The problem, then, is keeping it so you dont hit the mic or the mic stand with the ear gear. As a player, this can get kind of frustrating.

If you have a way to isolate the sound from the microphone from the sound of the guy playing all while being able to move the microphone around, I'd definitely do that, since it's kind of subjective as to where it sounds best, and that might change depending on the rest of the song's arrangement.

I think if I were recording acoustic again I'd try to get some room ambiance as well by placing a couple microphones in different parts of the room as well. You could get some nice sound by hard panning the ambient microphones and leaving the main mic somewhere more central, if you have a nice-sounding room at least.

Also, try to get your player to keep in mind the percussive aspects of the instrument, and to play with a lighter right hand than normal, or at least to try to keep the dynamics attenuated. Compression on an acoustic can get really obvious and distracting, really quickly.

Chroisman
Mar 27, 2010
Edit: Ugh this choice is confusing me so much.

Here's Turramurra's range of USB interfaces. I would rate my budget for an interface between AUD$200-300. Any recommendations from the stock in there? If any are particularly good with recording acoustic guitar by mic, that would be very helpful.

On the subject of mics, any well rated cheap condenser mics I should get for acoustic guitar? I wouldn't rate that budget higher than AUD$150.

Thanks in advance.

Chroisman fucked around with this message at 13:48 on May 27, 2011

Elijah Snow
Dec 10, 2006

some-something man
If you could double that for AUD$300 you could buy an Oktava MK-012 or a Studio Projects C1, cheaper than those I can't think of a mic I'd use, not that I have much experience but there ya go.
For AUD$150 it'll be hard.

A Good Critique
Jul 21, 2008

by I Ozma Myself
The Focusrite Saffire 6 ($239) may be worth checking out. I own a Liquid Saffire 56 (more inputs/outputs and other bells and whistles) but I assume the pre-amps are the same throughout the Saffire range. Very clean and usable.

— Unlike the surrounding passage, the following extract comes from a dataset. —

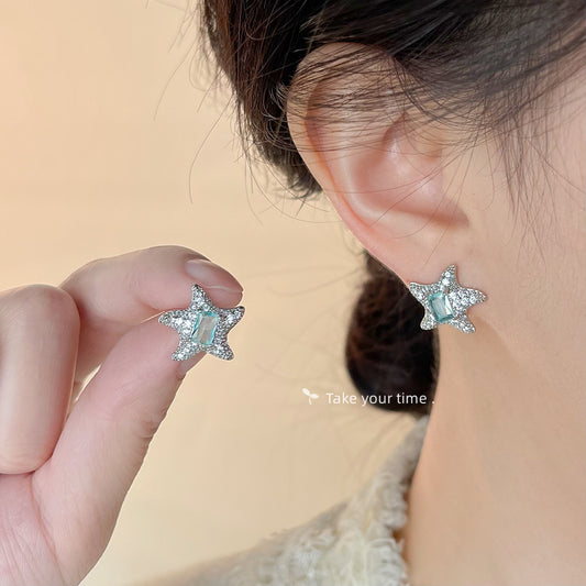 C廠【5035】微鑲鋯石海星時尚通勤輕奢風高級感鍍14K耳飾原創耳環飾品女 24.10-4

Also, if you haven't already, you should check out the best entry-level audio interface thread.

Chroisman
Mar 27, 2010

Elijah Snow posted:

If you could double that for AUD$300 you could buy an Oktava MK-012 or a Studio Projects C1, cheaper than those I can't think of a mic I'd use, not that I have much experience but there ya go.
For AUD$150 it'll be hard.

I don't reckon I could go up that far. Do you (or anyone else) have any experience with the AKG Perception 120? That's $200; I don't know how much of a difference that would make.

A Good Critique posted:

The Focusrite Saffire 6 ($239) may be worth checking out. I own a Liquid Saffire 56 (more inputs/outputs and other bells and whistles) but I assume the pre-amps are the same throughout the Saffire range. Very clean and usable.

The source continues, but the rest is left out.